How PHP implements Unicode and Utf-8 code conversion

How PHP implements Unicode and Utf-8 code conversion _php Skills

Last Update:2017-01-19 Source: Internet

Author: User

Tags chr ord

Developer on Alibaba Coud: Build your first app with APIs, SDKs, and tutorials on the Alibaba Cloud. Read more ＞

Recently, just to use Unicode encoding conversion, I went to check the PHP library function, but did not find a function can be Unicode encoding and decoding of strings! Or, you can not find the words to achieve their own ...
The difference between Unicode and Utf-8 encoding

Unicode is a character set, and UTF-8 is one of the Unicode, Unicode is both double byte, and UTF-8 is variable, for the Chinese character Unicode occupies less than UTF-8 bytes occupied by 1 bytes. Unicode is double-byte, while the Chinese character in UTF-8 is three bytes.
UTF-8 encoded characters can theoretically be up to 6 bytes long, whereas 16-bit BMP (Basic multilingual Plane) characters use up to 3 bytes long. Here's a look at the UTF-8 code table:

U-00000000-u-0000007f:0xxxxxxx
U-00000080-u-000007ff:110xxxxx 10xxxxxx
U-00000800-u-0000ffff:1110xxxx 10xxxxxx 10xxxxxx
U-00010000-u-001fffff:11110xxx 10xxxxxx 10xxxxxx 10xxxxxx
U-00200000-U-03FFFFFF:111110XX 10xxxxxx 10xxxxxx 10xxxxxx 10xxxxxx
u-04000000-u-7fffffff:1111110x 10xxxxxx 10xxxxxx 10xxxxxx 10xxxxxx 10xxxxxx

The position of XXX is filled by a bit of the binary representation of the character encoding number, and the more right x has the less special meaning, with the shortest one enough to express a multibyte string with a character encoding number. Note that in a multi-byte string, the number of the first byte at the beginning of "1" is the number of bytes in the entire string. The first line starts with 0 to accommodate the ASCII encoding, a byte, the second row is a double-byte string, the third behavior is 3 bytes, such as the Chinese character, and so on. (Personally think: in fact, we can simply put the number of the previous 1 as the number of bytes)

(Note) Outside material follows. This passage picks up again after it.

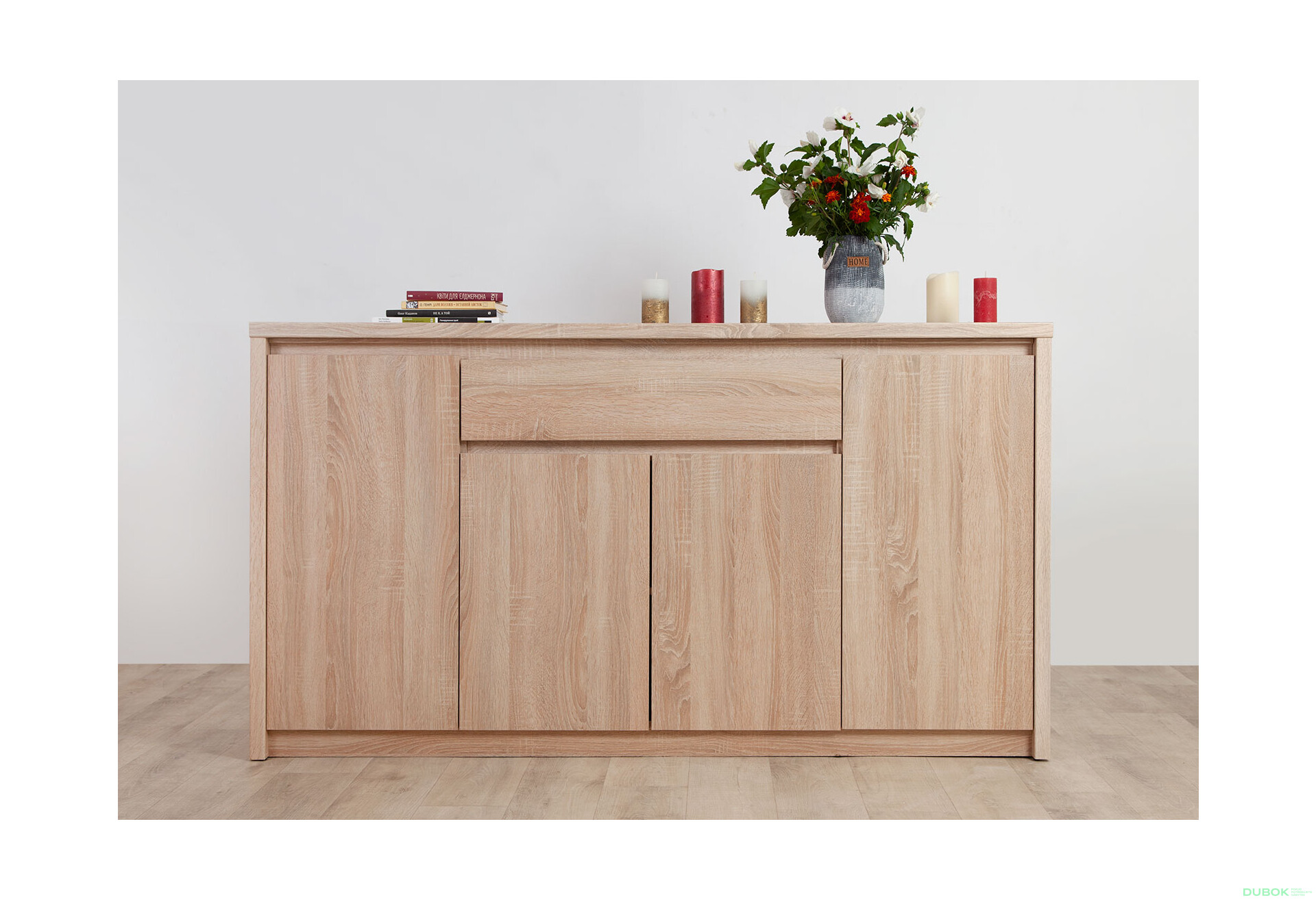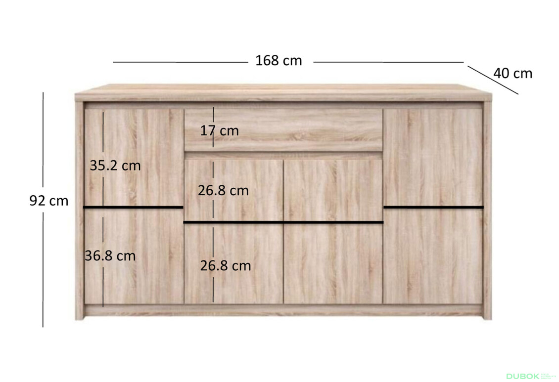 Komoda so 4 dvierkami a zásuvkou Norton 168 cm v dekore dub sonoma je ideálnym riešením pre moderné interiéry. S rozmermi 168 cm na šírku, 92 cm na výšku a 40 cm na hĺbku ponúka dostatok úložného priestoru pre vaše osobné veci, dokumenty alebo dekorácie. Vďaka svojmu elegantnému a minimalistickému dizajnu sa skvele hodí do obývačky, spálne alebo kancelárie. Komoda je vyrobená z kvalitnej drevotriesky s laminovanou povrchovou úpravou, čo zabezpečuje jej odolnosť a jednoduchú údržbu. Guličkové vedenie plného výsuvu zásuvky zabezpečuje hladké a tiché otváranie, čím zvyšuje komfort pri používaní. Na dubok.sk si môžete byť istí, že investujete do kvalitného a funkčného nábytku.
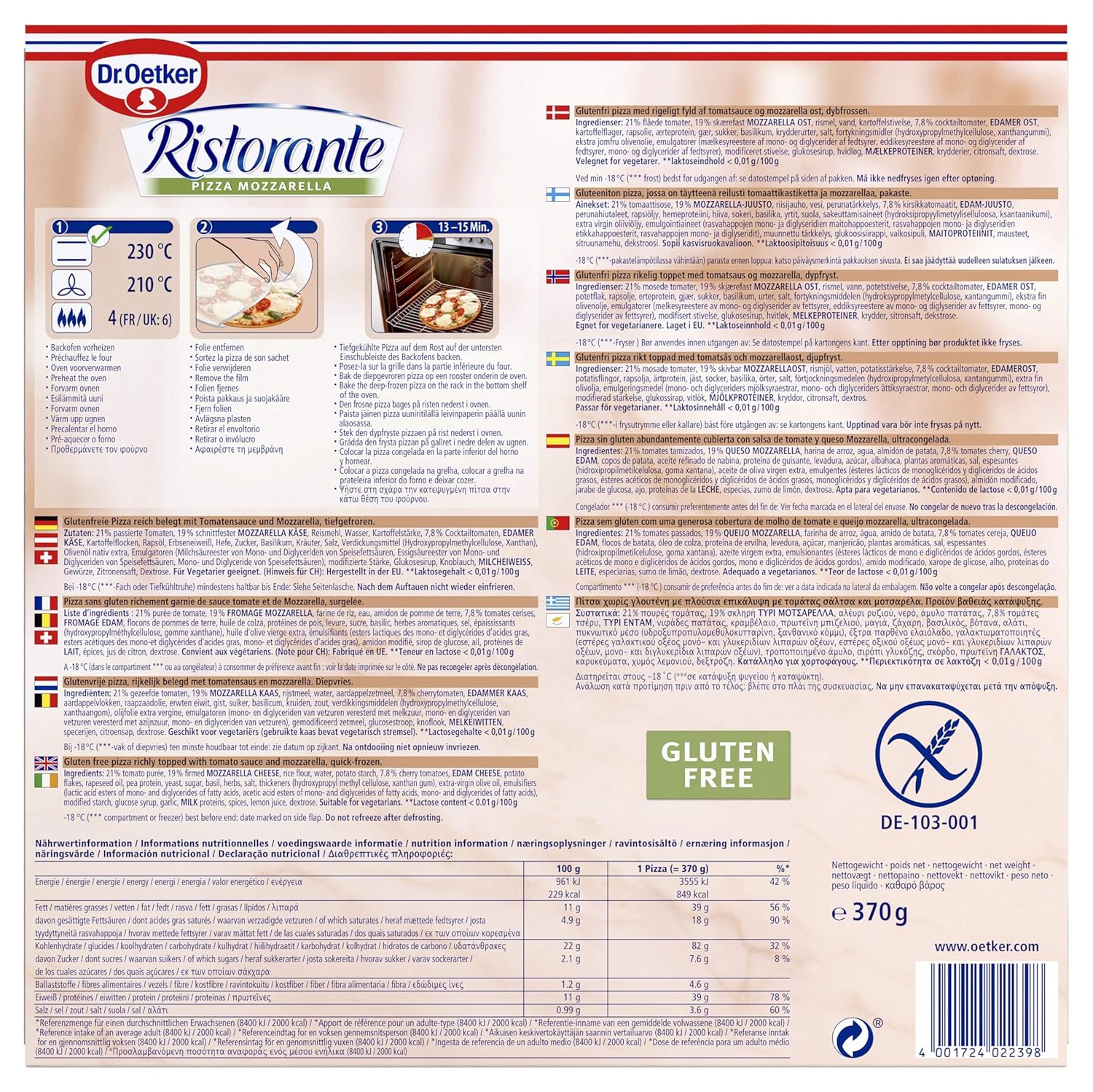 Lactose free** **Lactose content < 001 g/100 g Dr Oetker Ristorante Gluten Free Mozzarella Pizza;. Ingredients Ristorante Salame Gluten Free 24% tomato purée, 15% CHEESE (firmed MOZZARELLA, EDAM), rice flour, 12% salami (pork, pork fat, salt, spices, dextrose, onion powder, garlic powder, spice extracts, antioxidant (extracts of rosemary), stabiliser (sodium nitrite), smoke), water, potato starch, potato flakes, pea protein, rapeseed oil, baker's yeast, sugar, salt, thickeners. Dr Oetker Ristorante Pizza Mozzarella Glutenfrei ist belegt mit sonnengereiften Tomaten, Mozzarella und feinem Basilikum Für den Boden werden von Natur aus glutenfreie Zutaten wie Reismehl, Kartoffelstärke und Erbseneiweiß verwendet Zubereitung 1 Backofen vorheizen Ober/Unterhitze 2°C, Heißluft 0°C, Gas 4 2 Folie entfernen 3.

How does Unicode convert to Utf-8?

To convert Unicode to UTF-8, of course, know where their differences are. Let's take a look at how encoding in Unicode is converted to UTF-8, and in UTF-8, if the byte of one character is less than 0x80 (128), the ASCII character, which is a byte, can be converted without conversion because UTF-8 is compatible with ASCII encoding. If the character "you" in Unicode is encoded as "u4f60", convert it to binary 100111101100000 and then convert it according to the UTF-8 method. Unicode binary can be removed from the low to the high position of the binary digits, take 6 bits at a time, such as the above binary can be taken out as shown below the format, the front in accordance with the format fill, less than 8 in 0 fill.

unicode:100111101100000 4f60

Utf-8:11100100,10111101,10100000 e4bda0

From the above it is intuitive to see the conversion between Unicode to UTF-8, of course, when you know the format of the UTF-8, you can inverse it in the format of the corresponding position in the binary, and then in the conversion is the resulting Unicode characters (this operation can be done by "displacement "To complete). As with the above "you" conversion, because its value is greater than 0x800 less than 0x10000, so it can be judged to be three-byte storage, the highest bit needs to move to the right "12" bit and then to the highest value based on the 11100000 (0XE0) request or (|) of three-byte format. Similarly, the second position is to move the right "6" bit, and the binary value of the highest and second digits is left, which can be 0x3F (&) and 11000000 (|) with 111111 (). The third place does not need to be shifted, as long as the last six digits (with 111111 (ox3f) are taken &), in contact with 11000000 (0x80) or (|).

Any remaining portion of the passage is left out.